The time-of-flight focusing can easily be set up, however, by
finely adjusting the potential between the housing (25) and the
cylindrical capacitors, since it is not necessary to assign the
compensations on the straight sections to the respective
time-of-flight trajectories passed through in one of the
cylindrical capacitors. Only the sum of the compensations must be
correct.
[0048] Pulser and detector can also lie outside the housing (25) if
the beam is led past the end of one of the cylindrical capacitors
in each case. Hence the detector can also be mounted at any
position along the straight flight path outside the cylindrical
capacitor; the time-of-flight focusing can be set via the potential
difference between the flight potential in the cylindrical
capacitor and in the housing.
[0049] An instrument with a trajectory as shown in FIG. 5 can
easily be constructed as a benchtop instrument.
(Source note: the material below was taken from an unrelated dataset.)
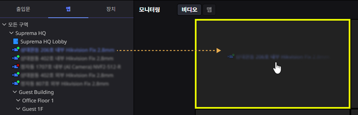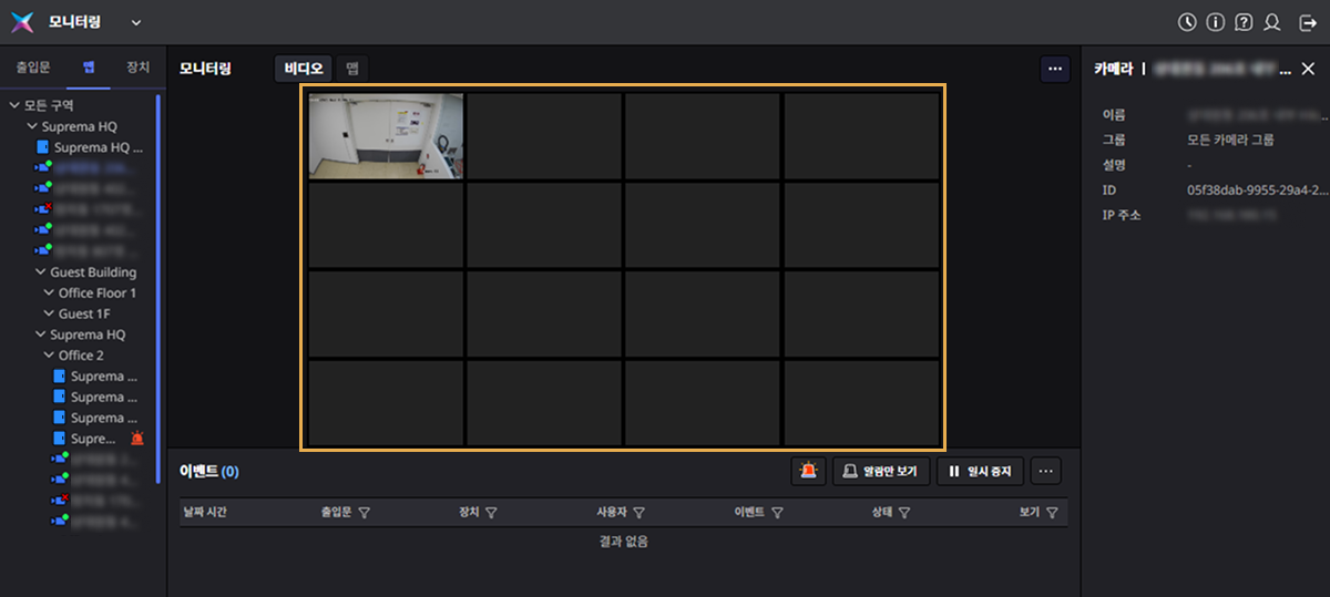 화면 왼쪽 사이드바에서 출입문 또는 맵, 장치 탭에서 영상을 확인할 카메라 장치를 선택하세요.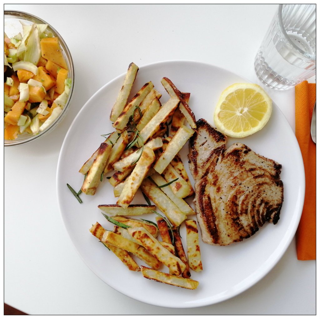 1 Tunfischsteak (ca. 200 g) in einer Pfanne in

When the radius of
the ion trajectory in both cylindrical capacitors is nine
centimeters, the instrument can be accommodated in a relatively
small vacuum housing measuring 50 centimeters wide, 50 centimeters
deep and 25 centimeters high and for a total flight path length of
around six meters, it should provide a mass resolution of more than
R=40,000. Previous experience has shown that the mass can be
determined to within {fraction (1/10)} to {fraction (1/20)} of the
signal width. The mass determination may be achieved to within an
accuracy of one to two millionths of the mass (1-2 ppm). This
relatively simple benchtop instrument is therefore highly accurate
given its relatively modest size.
[0050] There are also other possibilities for the trajectory
through the system apart from those shown in FIGS. 3 and 4. For
example, the angular focal points can also lie at the entrance, in
the middle or at the exit of the cylindrical capacitors. This
requires additional lenses in the housing to focus the focal points
on the exit side onto the entrances again.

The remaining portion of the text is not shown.